Record extracts:
● ● ● ● ●

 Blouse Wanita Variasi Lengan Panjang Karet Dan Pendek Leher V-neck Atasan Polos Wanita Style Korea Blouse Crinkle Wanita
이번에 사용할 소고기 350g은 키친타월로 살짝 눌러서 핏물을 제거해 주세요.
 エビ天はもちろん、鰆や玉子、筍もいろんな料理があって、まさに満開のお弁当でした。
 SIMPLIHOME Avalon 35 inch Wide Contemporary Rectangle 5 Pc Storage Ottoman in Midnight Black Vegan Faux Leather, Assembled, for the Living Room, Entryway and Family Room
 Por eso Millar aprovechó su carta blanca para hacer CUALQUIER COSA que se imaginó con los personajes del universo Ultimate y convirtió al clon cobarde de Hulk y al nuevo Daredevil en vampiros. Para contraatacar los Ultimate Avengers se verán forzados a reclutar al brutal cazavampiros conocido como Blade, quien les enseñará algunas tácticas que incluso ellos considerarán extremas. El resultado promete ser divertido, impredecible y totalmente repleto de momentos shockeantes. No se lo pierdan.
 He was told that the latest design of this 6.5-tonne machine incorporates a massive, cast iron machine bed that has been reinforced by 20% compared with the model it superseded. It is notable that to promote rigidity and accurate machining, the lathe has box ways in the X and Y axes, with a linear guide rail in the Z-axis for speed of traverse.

● ● ● ● ●

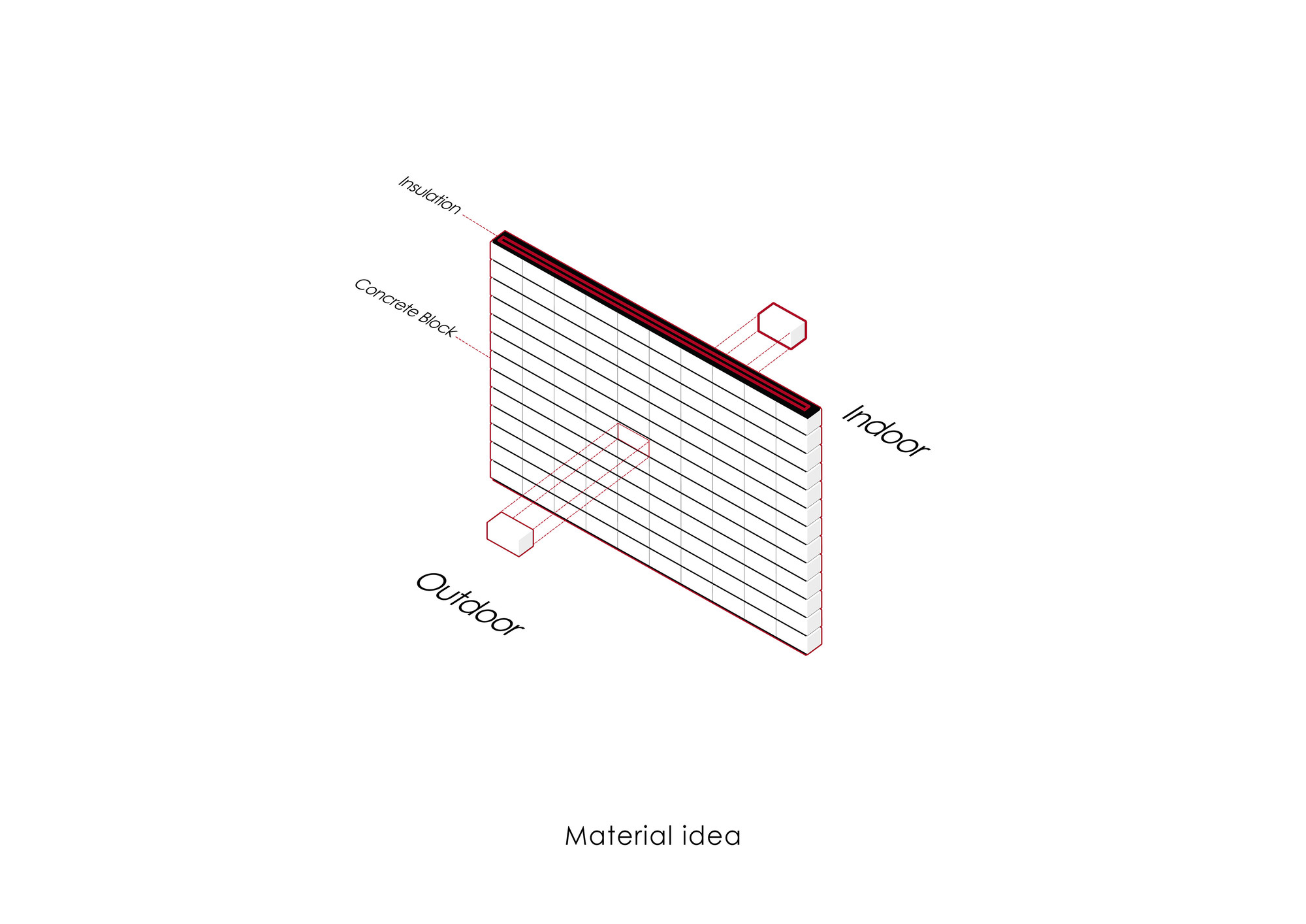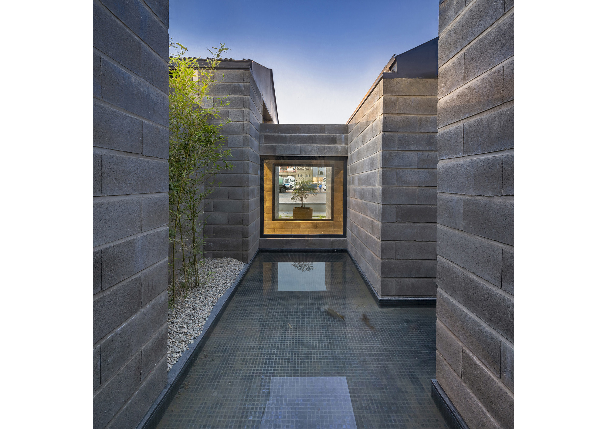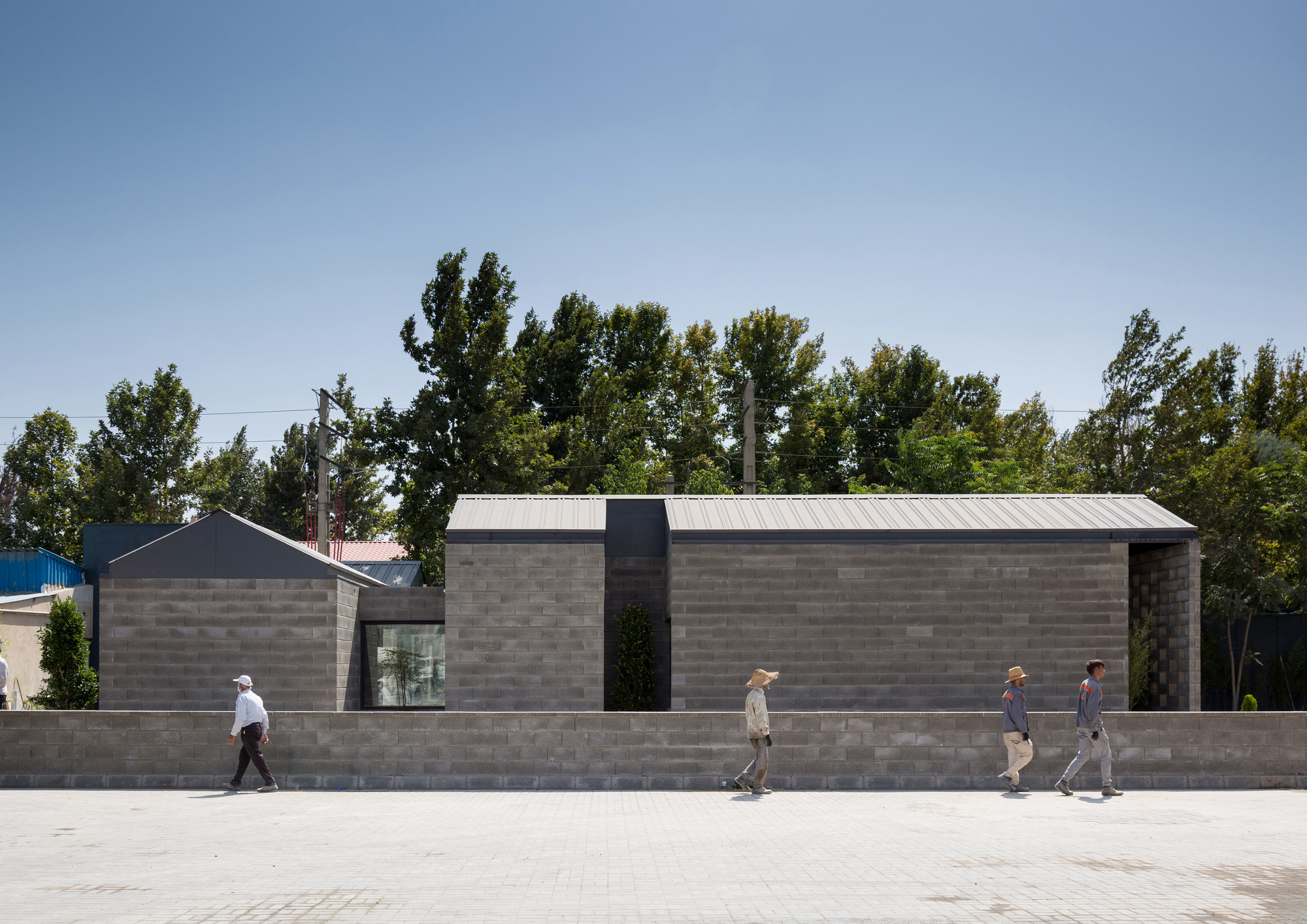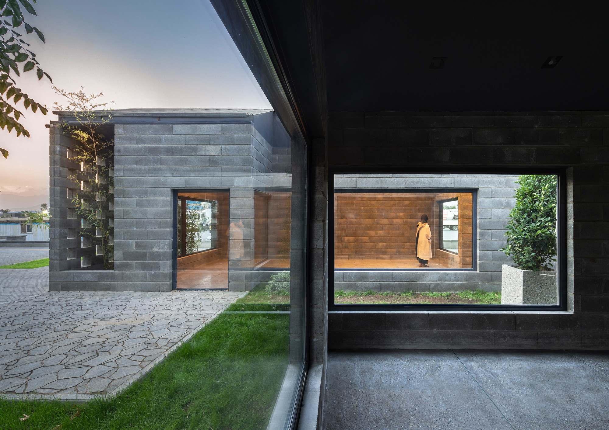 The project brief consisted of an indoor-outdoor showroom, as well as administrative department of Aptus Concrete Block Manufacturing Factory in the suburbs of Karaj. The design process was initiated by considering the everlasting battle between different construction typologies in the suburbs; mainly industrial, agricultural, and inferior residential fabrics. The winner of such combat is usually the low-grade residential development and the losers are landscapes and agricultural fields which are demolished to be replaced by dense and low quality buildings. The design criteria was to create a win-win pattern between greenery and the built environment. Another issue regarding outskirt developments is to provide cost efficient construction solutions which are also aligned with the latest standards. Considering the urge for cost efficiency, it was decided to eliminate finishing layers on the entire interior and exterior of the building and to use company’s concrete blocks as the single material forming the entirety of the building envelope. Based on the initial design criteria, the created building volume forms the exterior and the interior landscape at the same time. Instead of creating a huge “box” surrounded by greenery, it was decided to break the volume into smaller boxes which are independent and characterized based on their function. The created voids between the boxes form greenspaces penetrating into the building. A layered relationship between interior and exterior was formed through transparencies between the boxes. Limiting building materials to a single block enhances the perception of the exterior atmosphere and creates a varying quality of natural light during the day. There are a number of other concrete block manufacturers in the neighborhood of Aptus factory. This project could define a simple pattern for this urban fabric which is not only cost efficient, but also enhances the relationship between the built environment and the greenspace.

● ● ● ● ●

Exercise description:
Taking the records above, retype every line from the one with "エビ天はもちろん、鰆や玉子、" down to the one with "He was told", exactly and with nothing else.

Task answer:
 エビ天はもちろん、鰆や玉子、筍もいろんな料理があって、まさに満開のお弁当でした。
 SIMPLIHOME Avalon 35 inch Wide Contemporary Rectangle 5 Pc Storage Ottoman in Midnight Black Vegan Faux Leather, Assembled, for the Living Room, Entryway and Family Room
 Por eso Millar aprovechó su carta blanca para hacer CUALQUIER COSA que se imaginó con los personajes del universo Ultimate y convirtió al clon cobarde de Hulk y al nuevo Daredevil en vampiros. Para contraatacar los Ultimate Avengers se verán forzados a reclutar al brutal cazavampiros conocido como Blade, quien les enseñará algunas tácticas que incluso ellos considerarán extremas. El resultado promete ser divertido, impredecible y totalmente repleto de momentos shockeantes. No se lo pierdan.
 He was told that the latest design of this 6.5-tonne machine incorporates a massive, cast iron machine bed that has been reinforced by 20% compared with the model it superseded. It is notable that to promote rigidity and accurate machining, the lathe has box ways in the X and Y axes, with a linear guide rail in the Z-axis for speed of traverse.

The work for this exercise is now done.